Thank you for the opportunity to ask a question. I have a couple of follow-ups regarding the cross-sell opportunity you mentioned, noting that 21% of customers now have more than one product compared to 18% at the IPO. Can you clarify how much of this increase is due to new customers acquiring multiple products versus existing customers upgrading or expanding their use of products? Additionally, how should we view this trend as we look ahead to next year and its potential effect on net revenue retention?

Hey, Alex. This Tyler. It's actually coming from both. We are seeing customers when they're landing that they are choosing omnichannel as the main land, which is as opposed to just a pure desk solution that they want all the capabilities, specifically messaging, which Girish has talked about just in terms of a thesis of what a lot of the new modern day kind of communication with the next generation of customers is going to be. And so that's following what we've forecasted and we think that will continue. In terms of the other cross-sell motions, like we've talked about, it's still early, but the motion between our marketing sales product to desk, we think that's going to be a natural motion going forward. That's really going to be kind of down the road; that's about the vision of this unified customer record and the value that we can provide to our customers with them being if we have all this information around this 360 view of their customer. So we're excited about that, but it's still pretty early.

Speaker 9

Got it. This is the first look at next year as a public company, and many people have questions about billings. There's quite a bit of volatility and variability in the numbers from quarter to quarter, along with several adjustments. I understand you’re not providing guidance on that, but how should we approach the flow and seasonality for the year in terms of billings? Should we make comparisons to this year or the previous year? Is there a general rule of thumb? Considering you have had two years impacted by COVID, how should we view that metric?

In general, we expect billings to align with revenue growth, but there are some nuances, particularly from Q4, which we highlighted since many people track billings closely. We anticipate that growth this year will be negatively affected by foreign exchange by 1% for Q1 and for the entire year. Additionally, comparing Q1 and Q2 to the previous year will be challenging due to the prior year benefiting from a weaker COVID impact. Despite these challenges, we believe we are performing well and are very enthusiastic about the opportunities ahead. Our approach to guidance is based on the visibility we have for Q1, which diminishes thereafter, and we aim to provide guidance based on what we observe. We will update it as necessary as we progress.

Speaker 10

Hi. This is [Indiscernible] on for Brent Thill. Thank you for taking my question. I wanted to ask Girish about the feedback we hear from investors regarding the advanced demand for the front office update in 2021. Could you share your thoughts on demand expectations for next year? Is there any advanced demand in the markets you operate in?

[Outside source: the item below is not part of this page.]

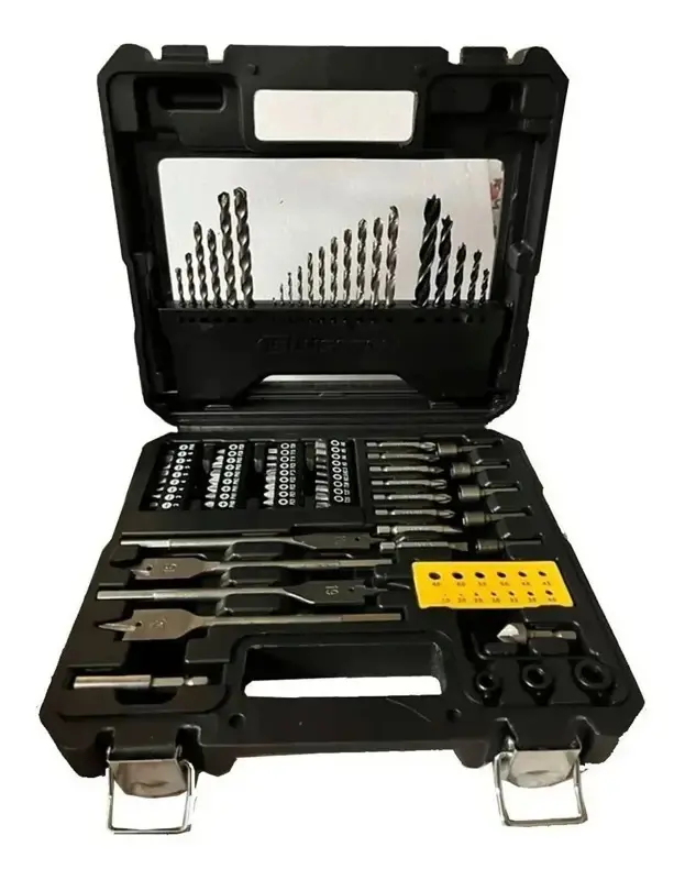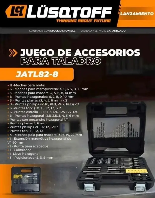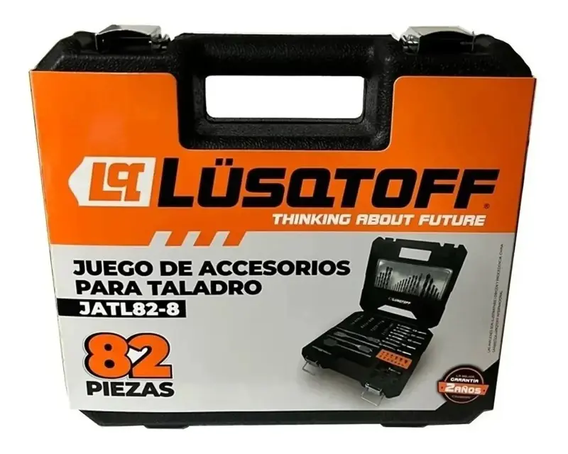 Juego Kit de Mechas Puntas 82 Piezas con Maletin Lusqtoff Jatl82-8 Modelo Jatl82-8 Marca: Lusqtoff Modelo: JATL82-8 11 Mechas para metal: 1.5, 2, 2.5, 3, 3.5, 4, 4.5, 5, 5.5, 6, 6.5mm 6 mechas para mamposteria 4, 5, 6, 7, 8, 10mm 5 Mechas para madera 4, 5, 6, 8, 10mm 5 tubos: 6, 7, 8, 9, 10mm 8 Puntas planas: 3, 4, 5, 6mm x2 8 Puntas Phillips: ph0, ph1, ph2, ph3 x2 8 Puntas pozidrive: pz0, pz1, pz2, pz3 x2 8 Puntas Torx: T10, T15, T20, T25, T27, T30 8 Puntas hexagonal 2.5 2.5 3 4 5 6 8 Puntas encastre 1/4 4 Mechas pala para madera: 13, 16, 19, 22mm 1 extension magnetica 1 Avellanador 1 Calibrador 1 llave para tope 3 Tope para mecha 5, 6, 8mm Origen: China

Thank you for the question. We have heard some reports discussing pull-forward in demand, but we have not observed a significant change in demand or experienced a pull-forward at Freshworks. In fact, we see a healthy demand environment and are focused on capturing that, particularly in the mid-market. In the fourth quarter, we noted strong demand signals for Freshservice specifically. The demand trend we are witnessing as companies emerge from the pandemic is that employees are returning, but companies still need to manage remote work and engage with customers across multiple channels. Online customer buying patterns are here to stay. We view this as an acceleration of business transformation, which will continue in both customer engagement and employee engagement. This presents us with a significant opportunity for growth.

Speaker 10

Got it. And maybe one question for Tyler, if I may, Tyler thank you for the commentary on the churn rates improving. How should we think about the pathway forward for net retention? Are you still thinking of a 110 to low teens even as we roll into next year? Or should we expect the improvements in churn to translate into higher net retention?

Hey, thanks for the question. We went public, we said, 'Hey, we want to be thought of as 110 to low teens,' and net dollar retention is obviously higher at that time. But we said it's going to come down. Actually, we're really pleased with the progress we've made. I think we gave some color; we're at 114%, but that included 1% impact from FX. It would have been 115%, in the last quarter had a positive impact, and so really just moved 1%. Churn being half of it, where we have previously talked about kind of being a low 20s, to high teens in terms of churn and now we're solidly in the high teens. We're not ready to say, 'Hey, you should model out more than the 110 to low teens in terms of net dollar retention run rate.' But things are going in the right direction and we feel really good about it. We've made some great progress in terms of churn. Our Freshdesk product had the best churn quarters ever had. Freshservice was already at great churn levels and the investments we made in the customer success group over the last year are truly starting to pay off. We will update that as we think you guys should be modeling something different, but it feels really good right now.

Speaker 10

Got it. Perfect. Thank you.

Operator

Thank you. Our next question comes from the line of Natalie Hall from Bank of America Securities. Your question, please.

Speaker 11

Hey, guys. This is Brad Sills from BofA Securities. Thanks so much for taking the question. I wanted to ask about Freshsales. I recall a pretty good user base on the free version. I know it's still early. It's not material to ARR at the time of IPO. Just curious, when might we see those conversions perhaps contributing more material to revenue? Is it this year or should we think further out? Thanks so much.

Thanks for the question, Brad. Let me clarify that Freshsales, this is the first full-year of the re-architected new Freshsales product, where we actually unified marketing, sales, chat, and telephone into one platform with a unified customer record. The numbers we put out in the IPO, the number of customers using Freshsales that are actually paying customers is not free customers. However, we still feel that it's early years. We are extremely happy with the validation that we're getting from customers who are seeing the value of this unified product. As Tyler mentioned earlier, later this year, we are contemplating an Analyst Day, and I think that will be the right time to potentially break out the customer numbers and hopefully revenue on the Freshsales product as well. But as we all know, CRM is a massive market, and we're super-excited about this opportunity.

Speaker 11

That's great to hear. Thanks so much Girish, and then one more if I may on the churn commentary, I think Tyler, you'd alluded to some progress you've made with this investment and customer success. Could you just elaborate a little bit more there, and what drove the improvement there? Thanks again.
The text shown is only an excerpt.